Error while retrieving results from a job that run on EC2

User 2059 | 6/17/2015, 2:35:57 PM

Hi,

I'm trying to run a simple job on EC2. I use the following script:

import graphlab as gl def add(x, y): return x + y ec2 = gl.deploy.environment.EC2(name='addition', s3_folder_path=my_test_folder, aws_access_key=my_aws_access_key, aws_secret_key=my_aws_secret_key, region='eu-west-1', tags=my_tags) job = gl.deploy.job.create(add, x = 1, y = 1, environment = ec2) print 'Job finished with results: ' + str(job.get_results())

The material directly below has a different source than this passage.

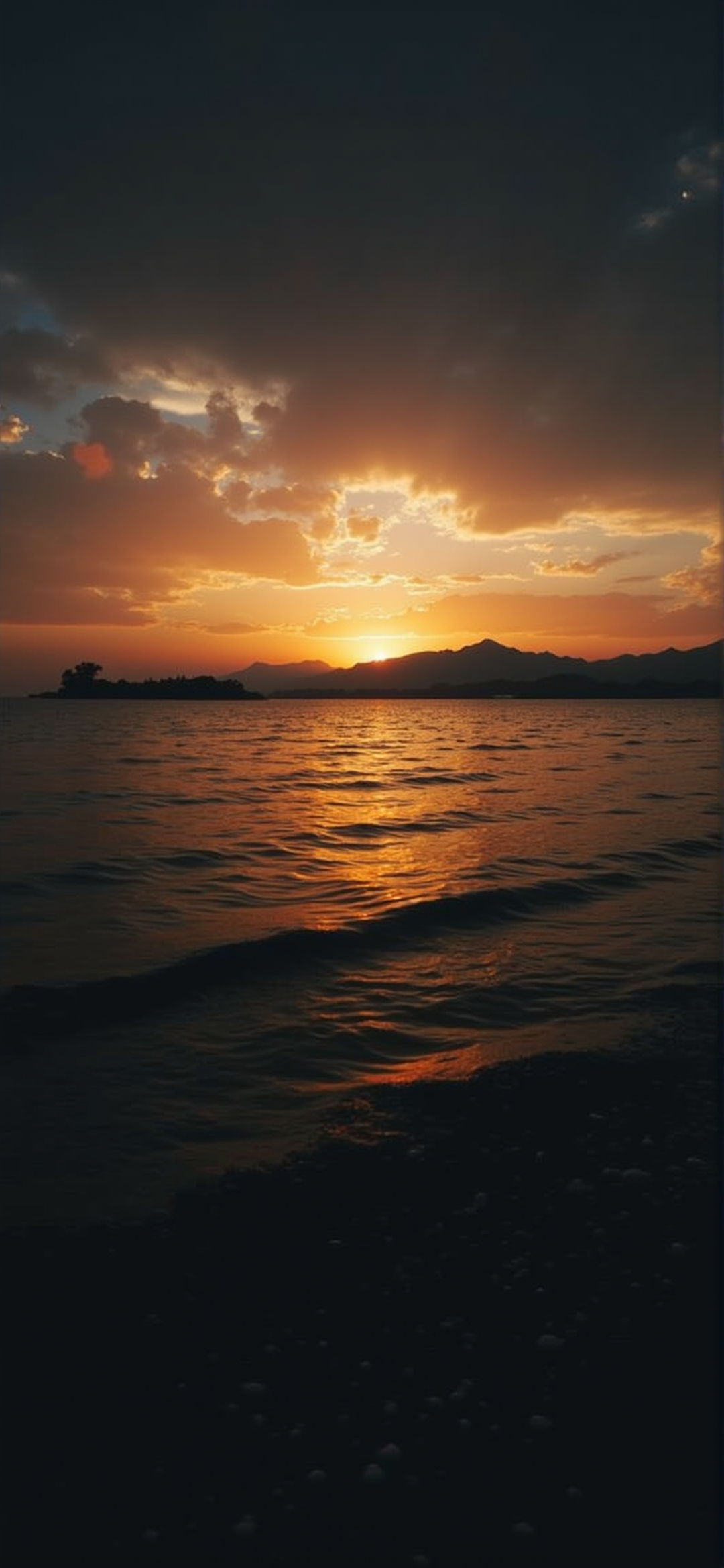 平静的水面上生动的日落的照片。夕阳被一层云遮住了一部分,在天空中投射出温暖的橙色和红色。水面反射出天空的颜色,创造出一种迷人的光影相互作用。远处可以看到一个小岛的剪影,增加了画面的深度和尺度感。这张照片的前景是黑暗的,只有一点海岸线可见。

I see that an EC2 instance starts and terminates as expected and that job is scheduled. Although, there is an error risen on job.get_results():

Traceback (most recent call last): File "code/ec2.py", line 20, in <module> print 'Job finished with results: ' + str(job.get_results()) File "/Users/aleksandra.wozniak/anaconda/envs/dato-env/lib/python2.7/site-packages/graphlab/deploy/_job.py", line 473, in get_results self._wait_for_job_finish() File "/Users/aleksandra.wozniak/anaconda/envs/dato-env/lib/python2.7/site-packages/graphlab/deploy/_job.py", line 603, in _wait_for_job_finish while not self._job_finished(): File "/Users/aleksandra.wozniak/anaconda/envs/dato-env/lib/python2.7/site-packages/graphlab/deploy/_job.py", line 597, in _job_finished return self._is_final_state(self.get_status(_silent = True)) File "/Users/aleksandra.wozniak/anaconda/envs/dato-env/lib/python2.7/site-packages/graphlab/deploy/_job.py", line 347, in get_status self._finalize() File "/Users/aleksandra.wozniak/anaconda/envs/dato-env/lib/python2.7/site-packages/graphlab/deploy/_job.py", line 830, in _finalize self._metrics[-1]['status'] == 'Failed': IndexError: list index out of range

Moreover, I cannot access logs of this job from GraphLab Canvas (there is no link to the log file). I'm using GraphLab Create v. 1.4.1.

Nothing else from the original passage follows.